Predicting lumber grade and by-product yields for Scots pine trees

Henna T. Lyhykäinen, Harri Mäkinen, Annikki Mäkelä, Sami Pastila, Antti Heikkilä, Arto Usenius

    Research output: Contribution to journalArticleScientificpeer-review

    24 Citations (Scopus)


    The purpose of this study was to develop models for estimating yields of lumber grades and by-products of individual Scots pine (Pinus sylvestris L.) trees using stem and crown dimensions as explanatory variables. Two separate data sets were used: (1) one simulated by the process-based growth model, PipeQual, which provides information about stem form and branch properties. The model was used to predict the 3D structure of Scots pine stems from thinning regimes of varying intensity and rotation periods and (2) an empirical data set with detailed 3D measurements of stem structure. The stems were sawn using the WoodCim sawing simulator and the yields and grades of the individual sawn pieces, as well as by-products, were recorded.

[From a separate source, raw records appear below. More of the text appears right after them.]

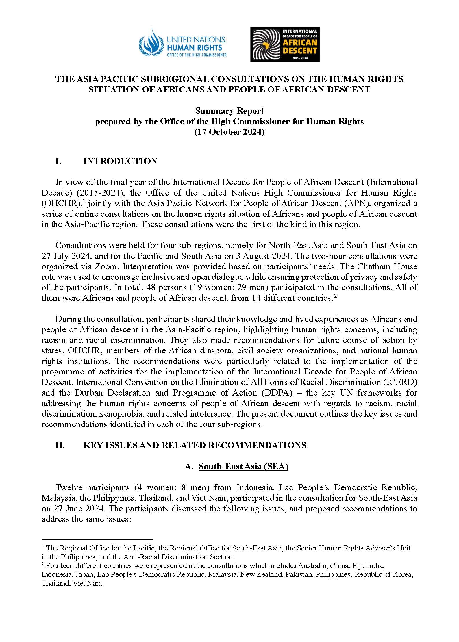 In order to inform OHCHR’s preparations and intervention at the high-level event to mark the closure of the Decade with the lived experiences and expertise of people of African descent, OHCHR, in partnership with the Asia Pacific Network for People of African Descent, organized four online consultations with representatives of people of African descent for four subregions of Asia and the Pacific.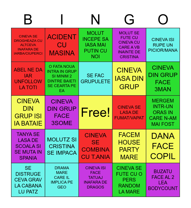 This bingo card has a free space and 24 words: MOLUTZ SI CRISTINA SE IMPACA, DRAMA MARE CARE IL IMPLICA PE GEO, SE FAC GRUPULETE, SE DISTRUGE CEVA GRAV LA CABANA LU PATZ, CINEVA ISI RUPE UN PICIOR/MANA, CINEVA SE DROGHEAZA CU ALTCEVA INAFARA DE IARBA/CIUPERCI, ABEL NE DA IAR UNFOLLOW LA TOTI, ACIDENT CU MASINA, CINEVA SE LASA DE FUMAT/VAPAT, CINEVA SE COMBINA CU T.ANIA, CINEVA IASA DIN GRUP, CINEVA DIN GRUP ISI IA BATAIE, FACEM HOUSE PARTY MARE, DANA FACE COPIL, O FATA NOUA INTRA IN GRUP SI MINIM 2 DINTRE BAIETI SE CEARTA PE EA, CINEVA SE FUTE CU O PERS RANDOM LA MARE, MERGEM INTR-UN ORAS IN CARE N-AM MAI FOST, MOLUT INCEPE SA IASA MAI PUTIN CU NOI, CINEVA DIN GRUP FACE 3MAN, CINEVA DIN GRUP FACE 3SOME, BUZATU FACE AL 2 LEA BODYCOUNT, TANYA SE LASA DE SCOALA SI SE MUTA IN SPANIA, MOLUT SE FUTE CU CINEVA CU CARE A VB INAINTE DE CRISTINA and CINEVA ISI FACE TATUAJ INAFARA DE DRAGOS.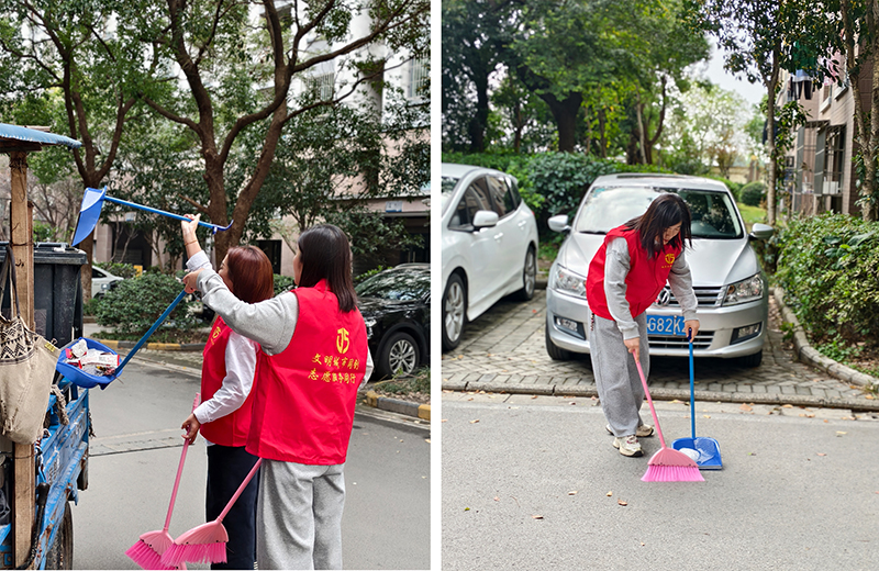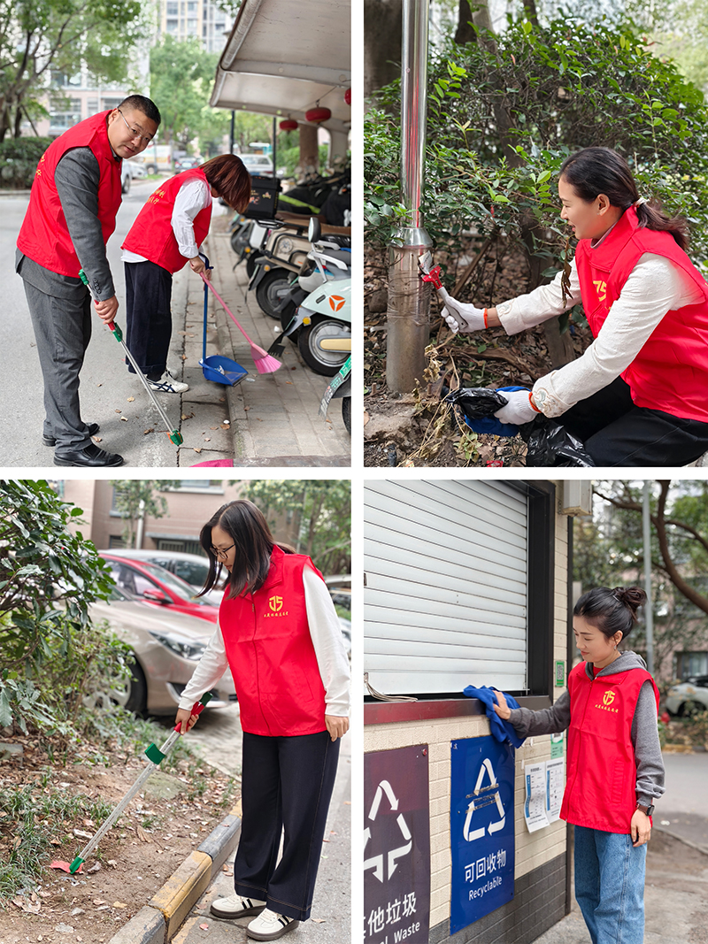活動開展前,我司組織人員與社區網格員充分溝通,精準梳理出樓道堆積物、綠化帶隱藏垃圾、公共區域小廣告等社區常見環境問題。參與員工延續我司安保工作“分工明確、落實到位”的執行特點,分組展開清理:一組集中清除墻面與樓道小廣告;一組細致清理綠化帶內的煙頭、塑料袋等雜物;一組負責清掃路面落葉、擦拭公共設施。從樓梯扶手的清潔維護到垃圾分類與清運,每個環節都細致入微,社區公共區域衛生環境得到顯著改善。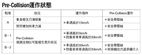 | 圖為Pre-Collision預警式防護系統,車前方的微波雷達可精準預測可能發生的危險,預先準備各項處理程序,將傷害減至最低。 |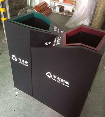 欣方圳鋼板噴塑分類垃圾桶表面經過除油、噴砂防銹處理后,再進行酸洗磷化處理;表面清理干燥后整體進行靜電噴涂或烤漆處理.。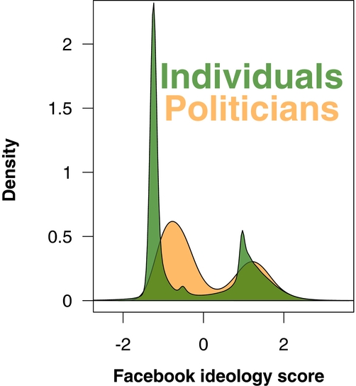 FIGURE 2. Density Plots of Ideological Estimates of 1,223 Politicians and 6.2 million Individuals.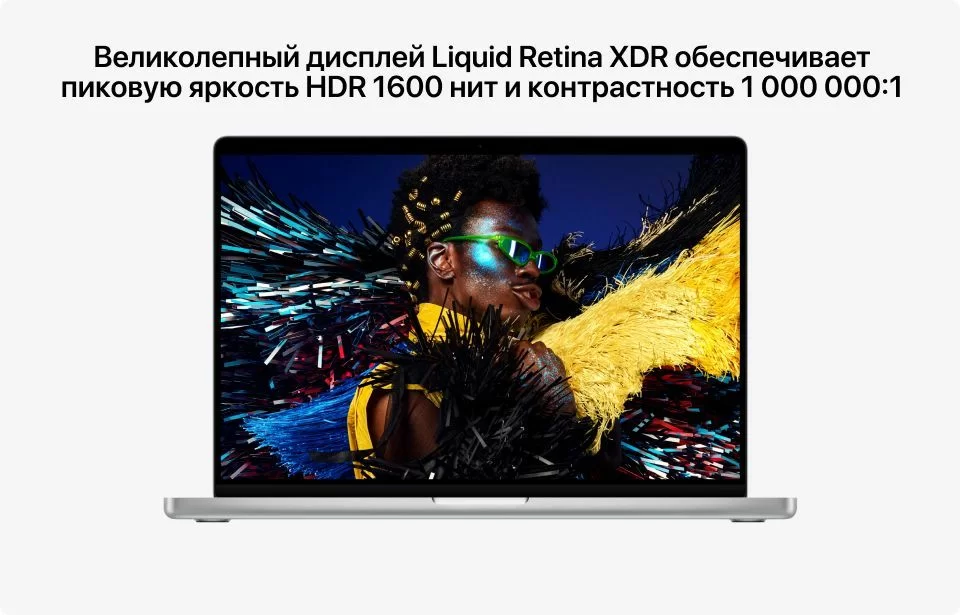 Перемещение между ярким светом и полной темнотой — без забот. Работайте в любом освещении: Liquid Retina XDR достигает 1600 нит в HDR, обеспечивает до 1000 нит для SDR при ярком освещении и опускает яркость до 1 нита для комфортной работы в темноте.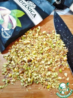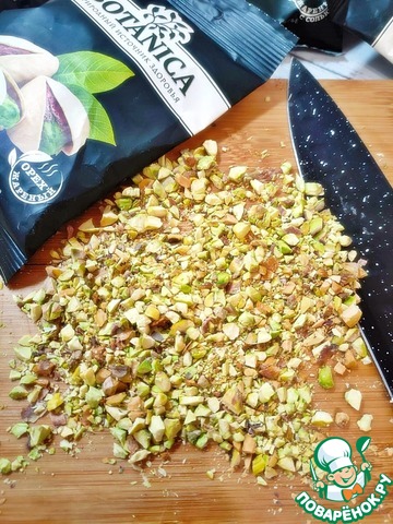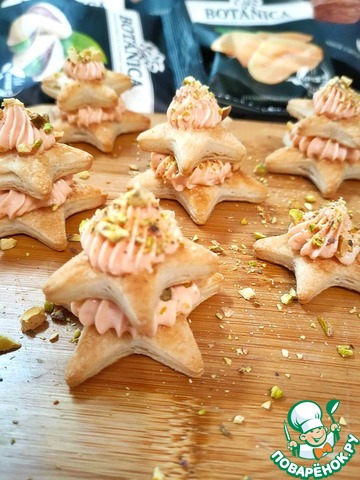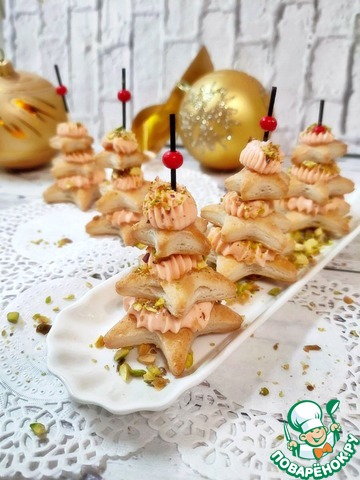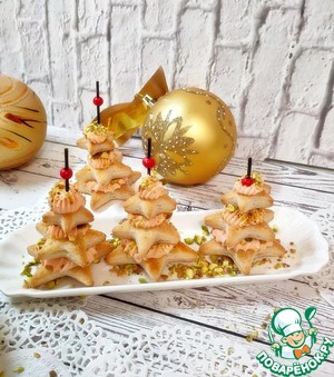 Теперь соберите ёлочку. Крем выкладывайте на заготовки из слоёного теста. Посыпьте рубленными фисташками.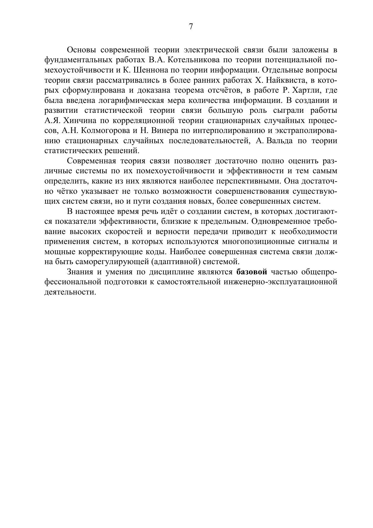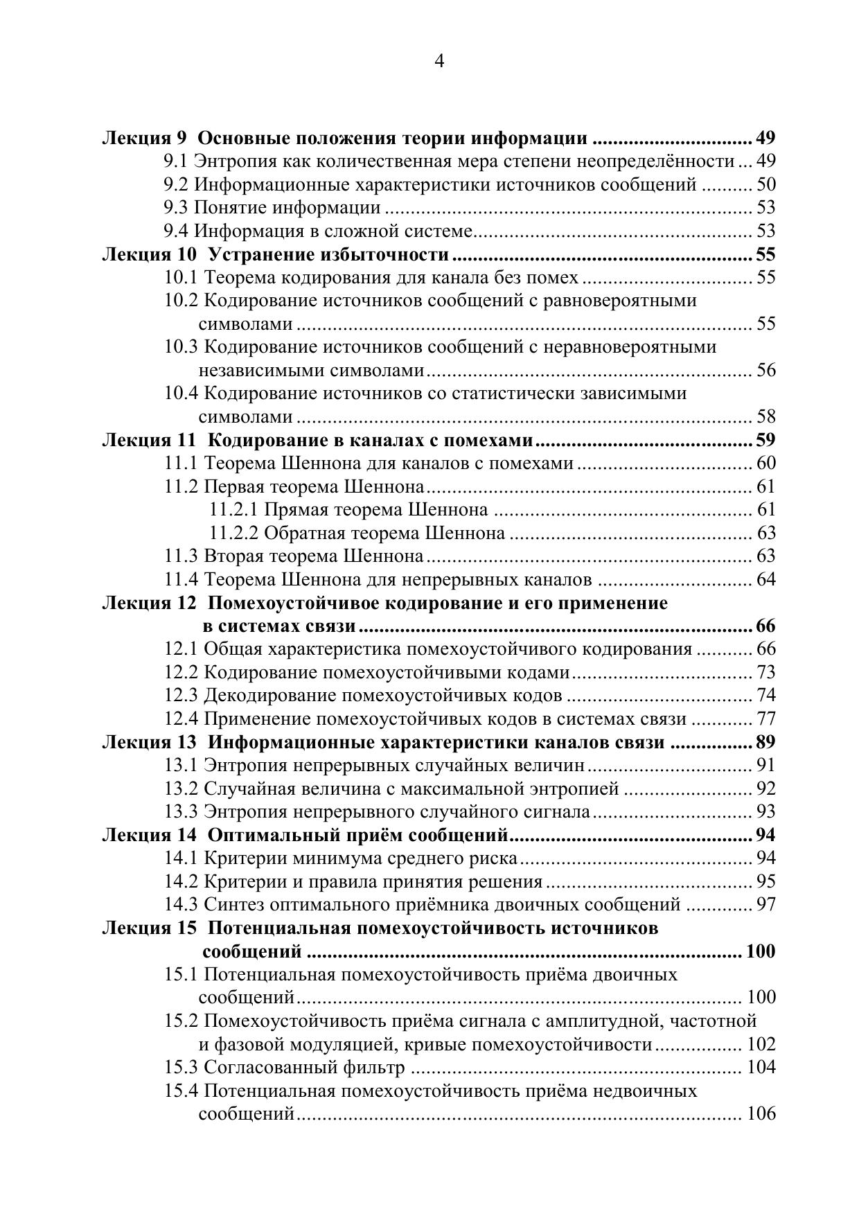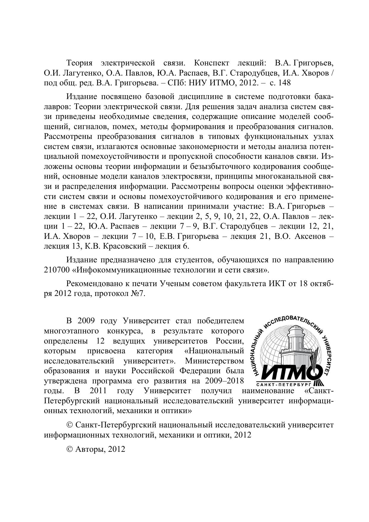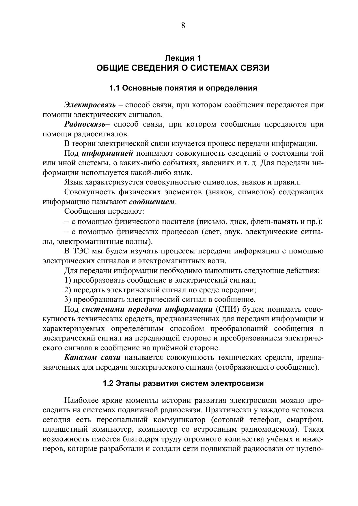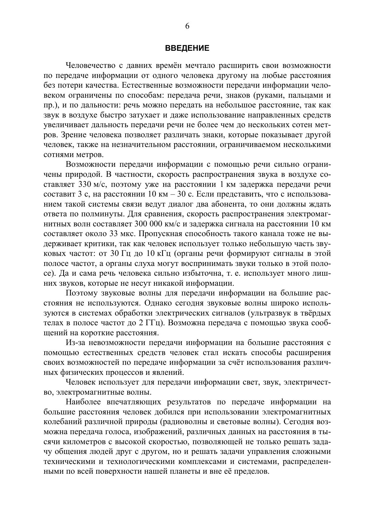 Издание посвящено базовой дисциплине в системе подготовки бакалавров: Теории электрической связи. Для решения задач анализа систем связи приведены необходимые сведения, содержащие описание моделей сообщений, сигналов, помех, методы формирования и преобразования сигналов. Рассмотрены преобразования сигналов в типовых функциональных узлах систем связи, излагаются основные закономерности и методы анализа потенциальной помехоустойчивости и пропускной способности каналов связи. Изложены основы теории информации и безызбыточного кодирования сообщений, основные модели каналов электросвязи, принципы многоканальной связи и распределения информации. Рассмотрены вопросы оценки эффективности систем связи и основы помехоустойчивого кодирования и его применение в системах связи.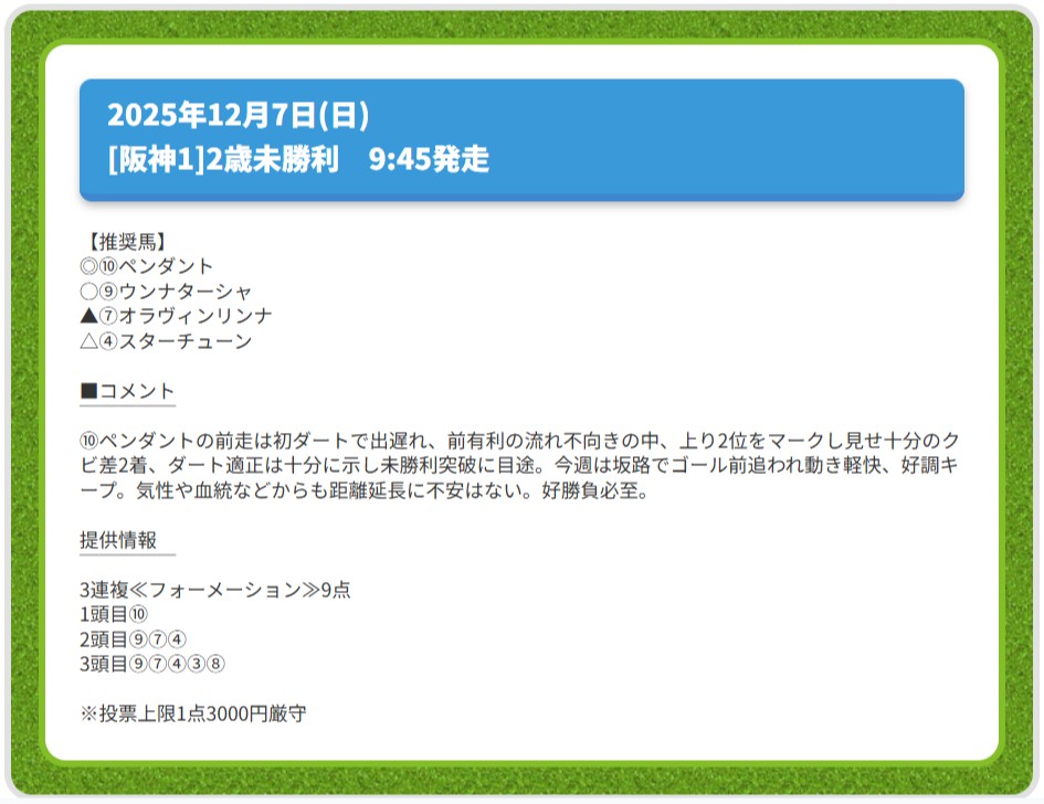 それでもスマホをポチポチしてターフビジョンの無料予想だけは手に入れて

The sawn timber was classified on A, B, C and D-grades for side and centre boards separately (Nordic Timber grading). By-products were pulpwood, sawmill chips, sawdust and bark. The response variables were formulated as proportions of the total volume of each stem. Multinomial logistic regression models using pulp wood proportion as a reference category were developed based on both data sets separately, and each model was tested on the other data set not used in model building. We found that the proportions of A and B grade lumber and pulp wood were inaccurately predicted. By combining data sets we formulated more accurate models. In combined data set's models, the best combination of explanatory variables was diameter of the stem at the breast height, its logarithmic transformation, the height of the living crown (distance from ground to lowest living branch) and the height of the lowest dead branch (branch diameter ≥1.5 cm). The developed approach integrates implications of forest management for the quality of round wood and sawn wood conversion chain. The models can be used to optimize stand management with respect to the value of potential sawmill products.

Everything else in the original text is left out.